Given that, here's a comprehensive list of all of the most absurd things that myself and others have found in JavaScript.
What is NaN, a.k.a "Not a Number"?
typeof(NaN)
// "number"
Really large numbers get larger!
9999999999999999999
// 10000000000000000000
Really small numbers aren't so small anymore.
parseInt(0.0000000005)
// 5
null
can be negative.
"0" == -null
// true
Sorting an array of numbers sorts them as strings.

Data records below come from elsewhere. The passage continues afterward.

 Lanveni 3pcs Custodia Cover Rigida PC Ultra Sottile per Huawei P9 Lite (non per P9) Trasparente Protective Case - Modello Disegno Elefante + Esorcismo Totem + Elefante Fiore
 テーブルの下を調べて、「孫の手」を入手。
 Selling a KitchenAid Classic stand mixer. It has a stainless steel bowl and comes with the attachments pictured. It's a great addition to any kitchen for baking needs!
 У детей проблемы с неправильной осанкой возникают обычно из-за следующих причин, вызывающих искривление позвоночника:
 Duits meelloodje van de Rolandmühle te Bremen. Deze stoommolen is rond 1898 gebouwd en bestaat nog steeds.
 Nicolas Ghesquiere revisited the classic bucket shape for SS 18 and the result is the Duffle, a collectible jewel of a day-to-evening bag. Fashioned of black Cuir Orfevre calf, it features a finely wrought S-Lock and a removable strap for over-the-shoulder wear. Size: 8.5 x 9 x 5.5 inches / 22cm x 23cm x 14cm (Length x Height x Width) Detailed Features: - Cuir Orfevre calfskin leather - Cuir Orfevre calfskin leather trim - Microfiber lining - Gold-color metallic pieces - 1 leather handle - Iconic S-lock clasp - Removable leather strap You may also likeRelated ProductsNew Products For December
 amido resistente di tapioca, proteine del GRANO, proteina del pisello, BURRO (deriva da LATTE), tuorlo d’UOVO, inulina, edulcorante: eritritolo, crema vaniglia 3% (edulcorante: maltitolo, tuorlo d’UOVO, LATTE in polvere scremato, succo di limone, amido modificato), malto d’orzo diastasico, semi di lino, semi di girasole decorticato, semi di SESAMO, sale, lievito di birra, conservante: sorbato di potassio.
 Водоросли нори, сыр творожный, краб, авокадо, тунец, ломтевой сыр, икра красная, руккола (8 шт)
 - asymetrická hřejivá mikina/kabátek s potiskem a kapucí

let array = [100000, 30, 4, 1, 21]
console.log(array.sort());
// [ 1, 100000, 21, 30, 4 ]
Infinite prototype methods!
function a() { return 42; };
a.bar = 69;
console.log(a)
// [Function: a] { bar: 69 }
a.bar
// 69
a.a = a
// <ref *1> [Function: a] { bar: 69, a: [Circular *1] }
a.a.a.a.a.a.a.a.a.a.a.a.a
// <ref *1> [Function: a] { bar: 69, a: [Circular *1] }
Arrays are true-ly special.
true == []
// false
true == ![]
// false
false == []
// true
false == ![]
// true
You can "add" arrays and objects together.
[] + []
// ""
[] + {}
// [object Object]
{} + []
// 0
{} + {}
// NaN
No type errors here! It's a string (probably).
Array(3).join()
// ,,
Array(3).join("eh" + 1)
// "eh1eh1eh1"
Array(3).join(1 + "eh")
// NaNNaNNaN
The length of an empty array is...
let a = []
// undefined
a.length == a
// true
Generator functions stop before their last value.
function* count() {
yield 1;
yield 2;
return 3;
}
for (const value of count()) {
console.log(value)
}
// 1 2
Not even true
is true these days.
true == 1
// true
true === 1
// false
true + true + true
// 3
An empty object is actually a string in RegEx.

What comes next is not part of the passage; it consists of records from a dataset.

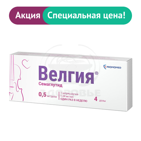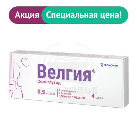 Велгия® – это препарат, содержащий действующее вещество семаглутид, который назначается в качестве дополнения к низкокалорийной диете и физической активности для коррекции и контроля массы тела. Семаглутид относится к средствам для лечения сахарного диабета; гипогликемическим средствам, кроме инсулинов. Семаглутид является аналогом природного гормона – глюкагоноподобного пептида-1 (ГПП-1), который выделяется после приема пищи и служит физиологическим регулятором углеводного обмена (уровня инсулина и глюкозы), а также аппетита и потребления пищи. Семаглутид воздействует на мишени (рецепторы) в головном мозге, которые контролируют аппетит, что помогает Вам быстрее почувствовать себя сытым, сохранить это ощущение надолго и снизить повышенную тягу к приему пищи. Также семаглутид затормаживает эвакуацию пищи из желудка, что дополнительно поддерживает длительное ощущение сытости. Такой механизм поможет Вам привыкнуть к правильному питанию и эффективно снизить массу тела. При приеме семаглутида наблюдаются дополнительные эффекты, такие как уменьшение окружности талии, улучшение обмена веществ (уровня липидов, глюкозы и др.), улучшение параметров сердечно-сосудистой системы (артериальное давление, пульс). Снижение массы тела на фоне приема семаглутида способствует уменьшению риска развития осложнений, связанных с наличием повышенной массы тела, в частности, сердечно-сосудистых заболеваний, сахарного диабета 2 типа (СД2), репродуктивных нарушений, заболеваний суставов, печени и др.
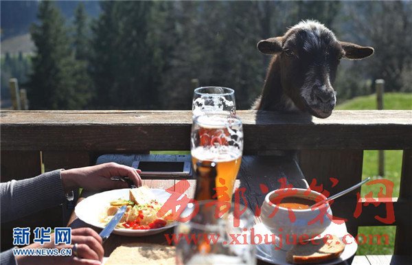3月27日,在德國南部塞格附近的一家戶外餐館,一只山羊向正在用餐的客人討要食物。
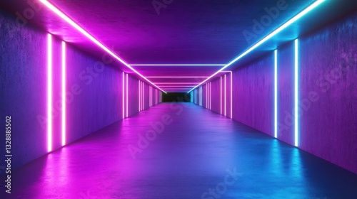 Neon tunnel, vibrant glow, urban backdrop, gaming
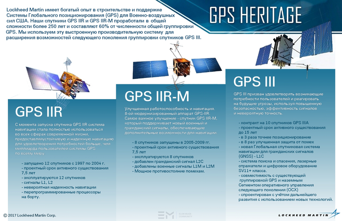 GPS III SV01-06 - самые мощные спутники Глобальной системы определения местоположения (GPS) из когда-либо разработанных для ВВС США. Новый гражданский передатчик GPS III L1C также сделает это поколение спутников GPS совместимыми с другими глобальными международными навигационными спутниковыми системами, такими как Galileo, что улучшает связь для гражданских пользователей.

new RegExp({}).test(“mom”)
// True
new RegExp({}).test(“dad”)
// False
The reason the above works:
{} gets conveted to '[object Object]' by JS
Square brackets [] means "match any single character within the brackets"
"mom" matches the "o", but "dad" doesn't match any of the characters in "object Object"
A fork bomb in completely valid JavaScript that stalls a browser tab
/(.*.*)*^/.test(.1+.2)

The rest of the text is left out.